### EXERCISE PROMPT
Within the records that follow, restate exactly the lines from the line with "Co vůbec je" down to the line with "Para Moto Edge", including both. Omit the pictures.

### LISTED ENTRIES
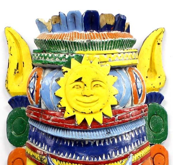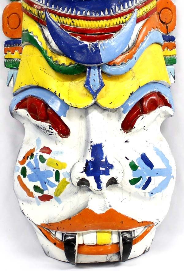 Large Ethnic Carved Wood Mask, measures 32'' x 14'' x 7'', hand painted, pressure crack on back, some chips out of crown area
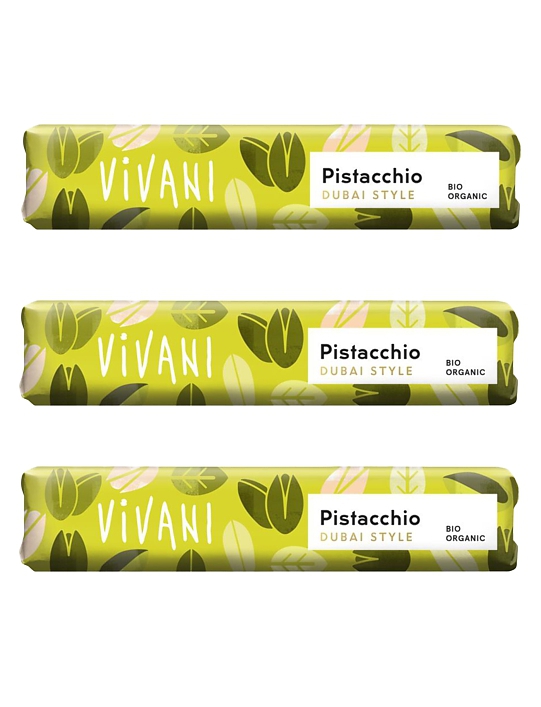 Co vůbec je Dubajská čokoláda? Je to virální trend čokoládové tabulky s tekutým pistáciovým krémem, křupavými nudlemi z těsta kadaif a sezamovou pastou tahini. Proslavila ji dubajská cukrárna Fix Dessert Chocolatier (zakladatelka Sarah Hamouda) a za masivní šíření vděčí TikToku. Tato tyčinka Vivani na trend odkazuje stylem: staví na pistáciově krémovém profilu a kontrastu sladko-slaného s křupavou texturou, ale nepoužívá kadaif ani tahini; jde o inspirovanou variaci vhodnou jako malá gurmánská svačina, rychlá energie do ruky, malé potěšení s espressem či dezertním vínem, nebo jako dárkový „ochutnávkový“ kousek.
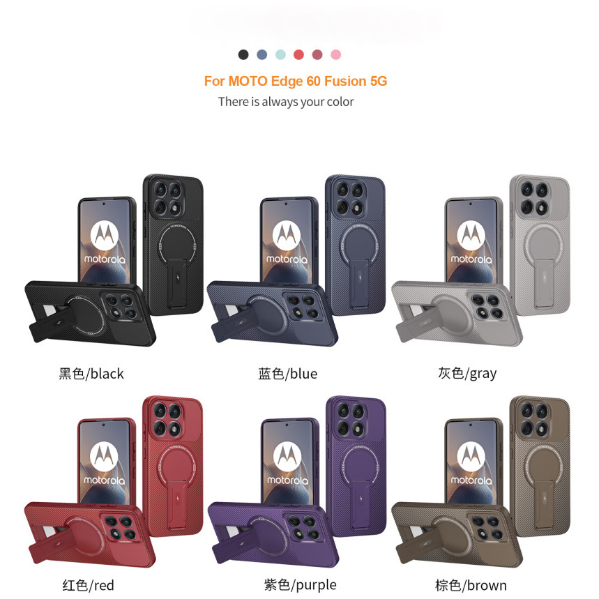 Para Moto Edge 60 Fusion Sem Fio De Carregamento Fibra Carbono TPU Gel Caso , Suporte Magnético Traseiro Pro
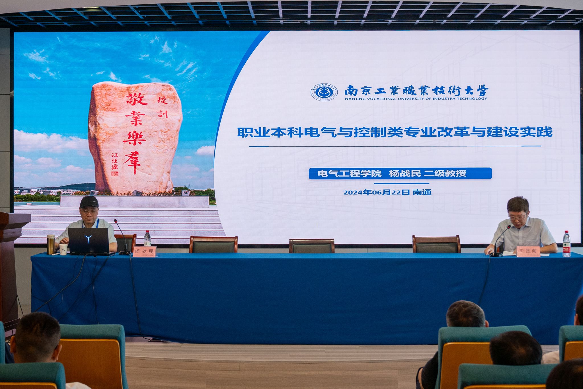 研讨会环节,来自常州纺织职业技术学院副校长、中国电工技术学会电气工程教育专业委员会副主任张文明教授,南京工业职业技术大学原电气学院院长、中国电工技术学会电气工程教育专业委员会副主任杨战民教授,国家名师、金华职业技术大学机电学院院长、全国高校“黄大年”式教师团队负责人戴欣平教授,江苏工程职业技术学院党委副书记、校长张忠,南通大学电气与自动化学院原副院长、国家科技专家库在库专家、江苏省职业院校技能竞赛赛项专家姜平教授等5位专家分别就“国家一流规划教材与课程资源建设”“职教本科电气与控制类专业改革与建设”“机电类专业项目化教学改革与实践” “助力‘一带一路’建设,打造新能源江苏‘职教出海’品牌”“第三届全国高校电气类专业青年教师实践教学设计创新竞赛”等专题从多角度进行了内容丰富、精彩纷呈的大会报告。
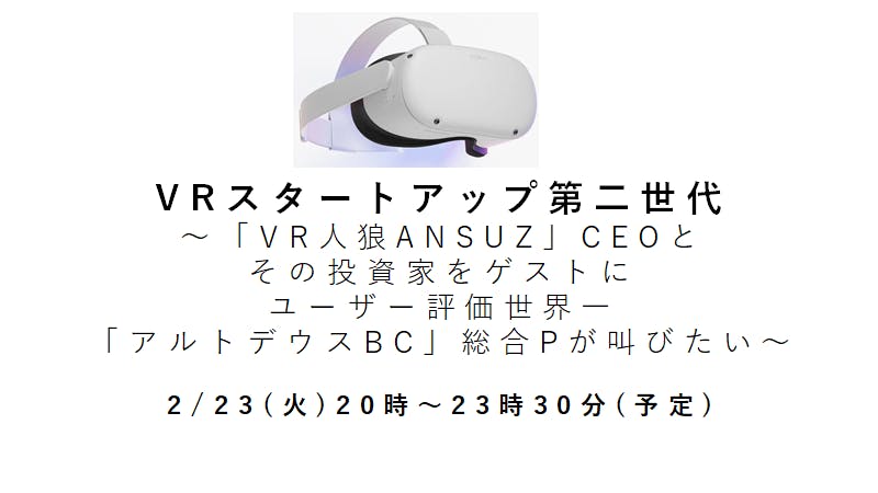 VRに興味がある方も、VR人狼アンスズが好きな方、起業を考えている方、そしてもちろんアルトデウスBCがお好きな方も、是非お越しください!!!!!!!!
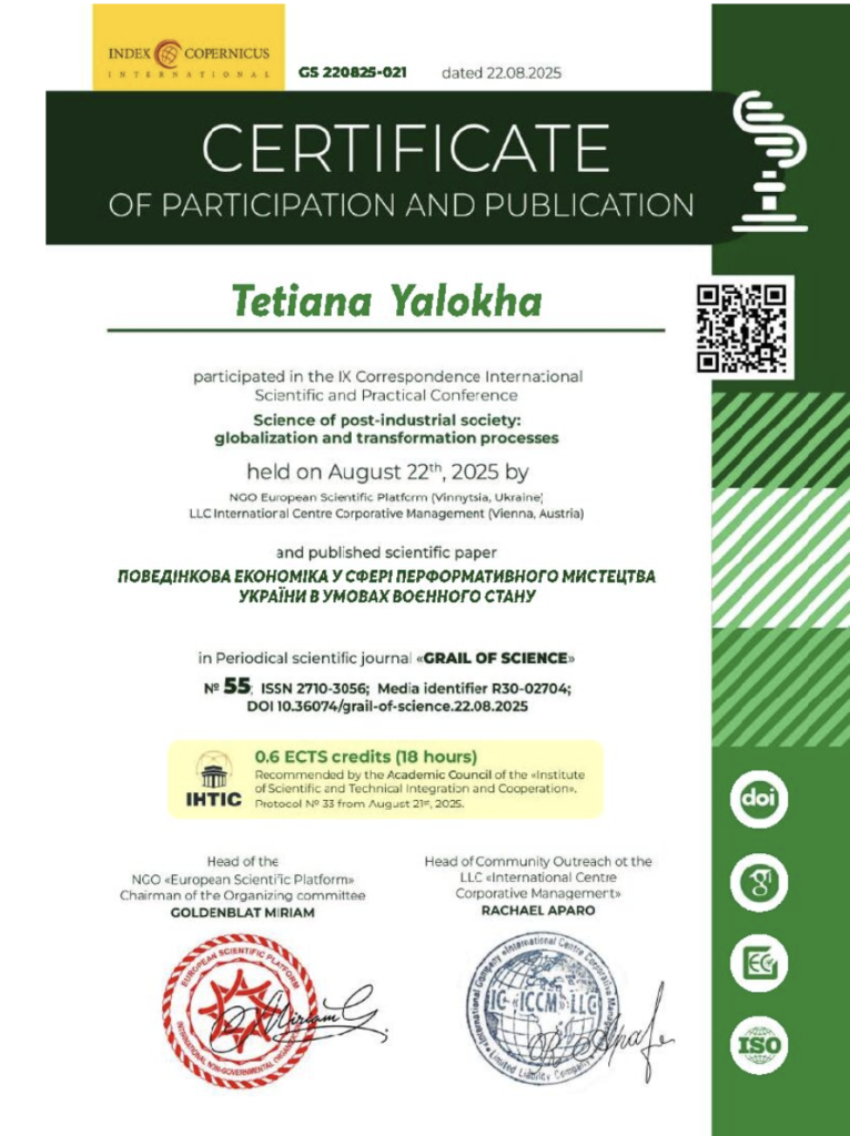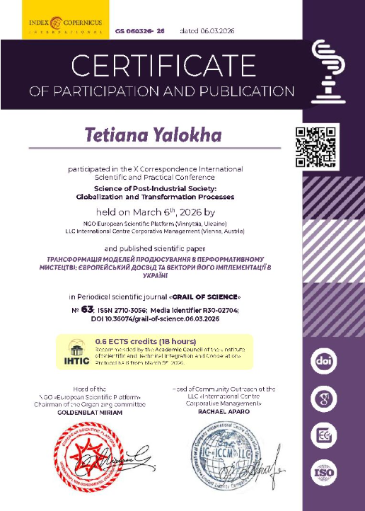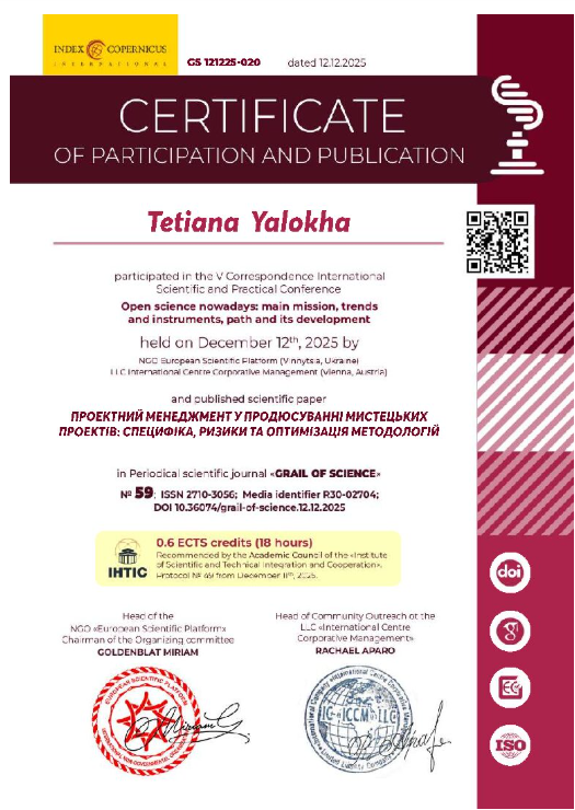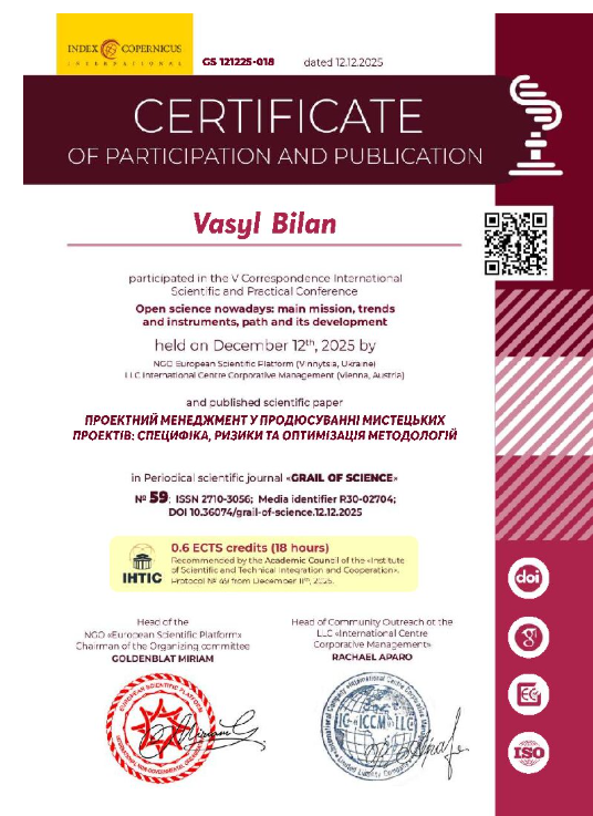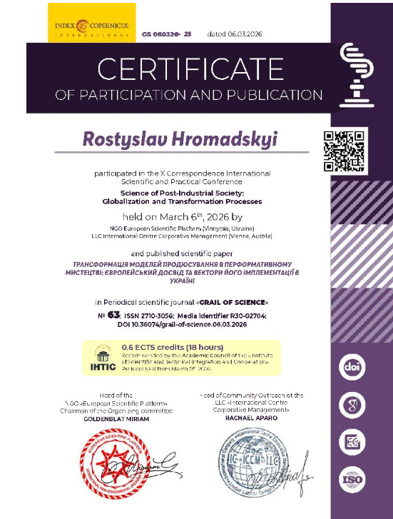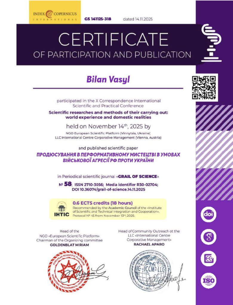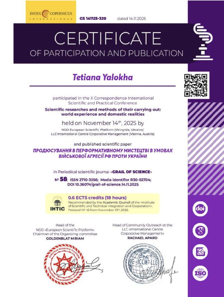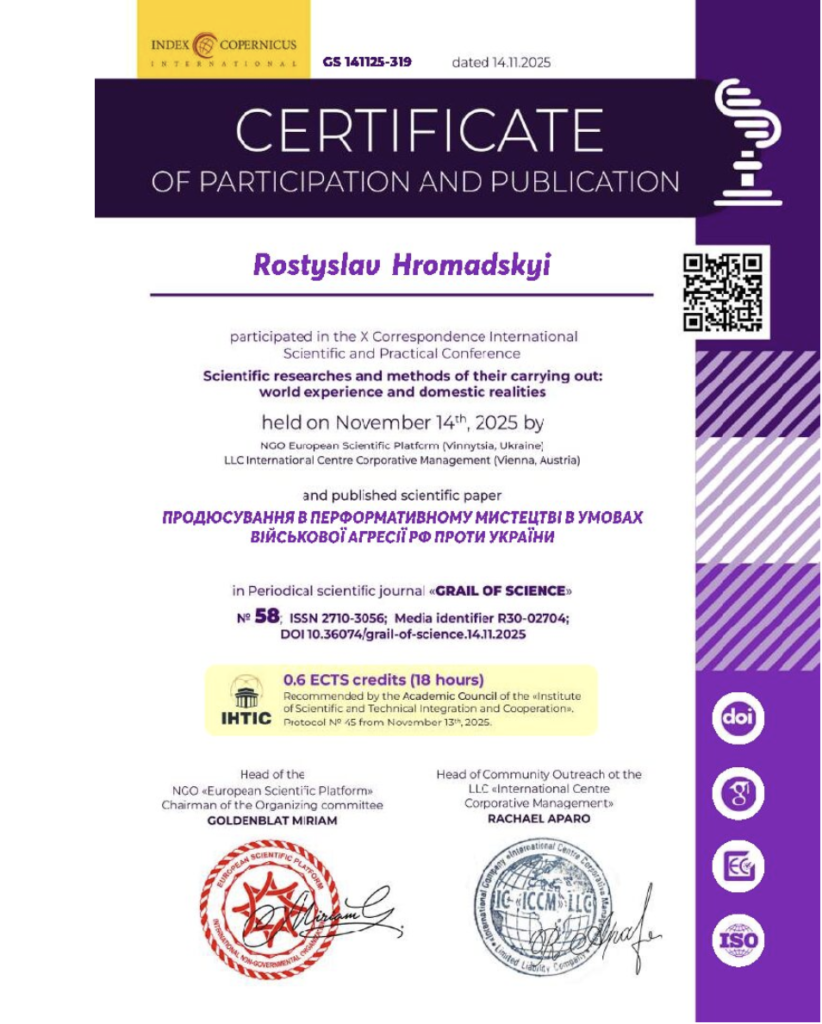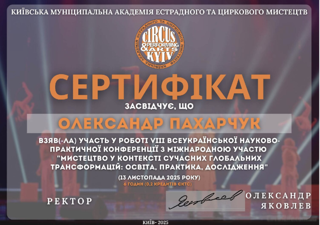 Структура 🢒 Сертифікати участі у наукових заходах кафедри організації театральної справи імені І. Д. Безгіна

### RESULT BELOW
 Co vůbec je Dubajská čokoláda? Je to virální trend čokoládové tabulky s tekutým pistáciovým krémem, křupavými nudlemi z těsta kadaif a sezamovou pastou tahini. Proslavila ji dubajská cukrárna Fix Dessert Chocolatier (zakladatelka Sarah Hamouda) a za masivní šíření vděčí TikToku. Tato tyčinka Vivani na trend odkazuje stylem: staví na pistáciově krémovém profilu a kontrastu sladko-slaného s křupavou texturou, ale nepoužívá kadaif ani tahini; jde o inspirovanou variaci vhodnou jako malá gurmánská svačina, rychlá energie do ruky, malé potěšení s espressem či dezertním vínem, nebo jako dárkový „ochutnávkový“ kousek.
 Para Moto Edge 60 Fusion Sem Fio De Carregamento Fibra Carbono TPU Gel Caso , Suporte Magnético Traseiro Pro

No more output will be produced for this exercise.